Self-diffusion in amorphous silicon: An experimental and theoretical study

Amorphous silicon (a-Si) is a widely used material, especially for solar cells and thin-film-transistors. Measuring the self-diffusion coefficient of a-Si is experimentally demanding since recrystallization during diffusion annealing must be suppressed. We used Si on insulator (SOI) structures to stabilize the amorphous state during annealing. Isotopically enriched Si multilayers with a thickness per layer of about 10 nm were grown by means of molecular beam epitaxy on top of SOI wafers. Subsequently the whole top crystalline Si layer was amorphized by means of Si ion implantation.

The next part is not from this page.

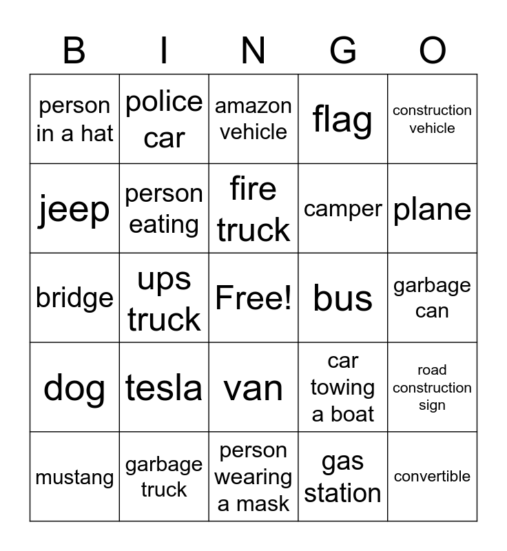 This bingo card has a free space and 24 words: tesla, garbage truck, fire truck, mustang, construction vehicle, person in a hat, jeep, police car, bus, van, camper, bridge, car towing a boat, road construction sign, person eating, gas station, garbage can, amazon vehicle, plane, ups truck, convertible, dog, flag and person wearing a mask.

Before and after annealing the distribution of the Si isotopes within the isotope structure was measured with SIMS. The observed broadening suggests a significantly higher self-diffusion in the amorphous compared to the crystalline state. Molecular dynamics simulations are employed to gain information about the mechanism of self-diffusion. We used an adjusted Stillinger-Weber potential, as the original Stillinger-Weber parametrization for Si overestimates the mobility of the matrix atoms. The parameters were chosen to simulate the experimentally observed diffusion in a-Si. The coordination numbers and radial-distribution-function were analyzed to confirm the assumption of bond switching as the dominant mechanism of self-diffusion.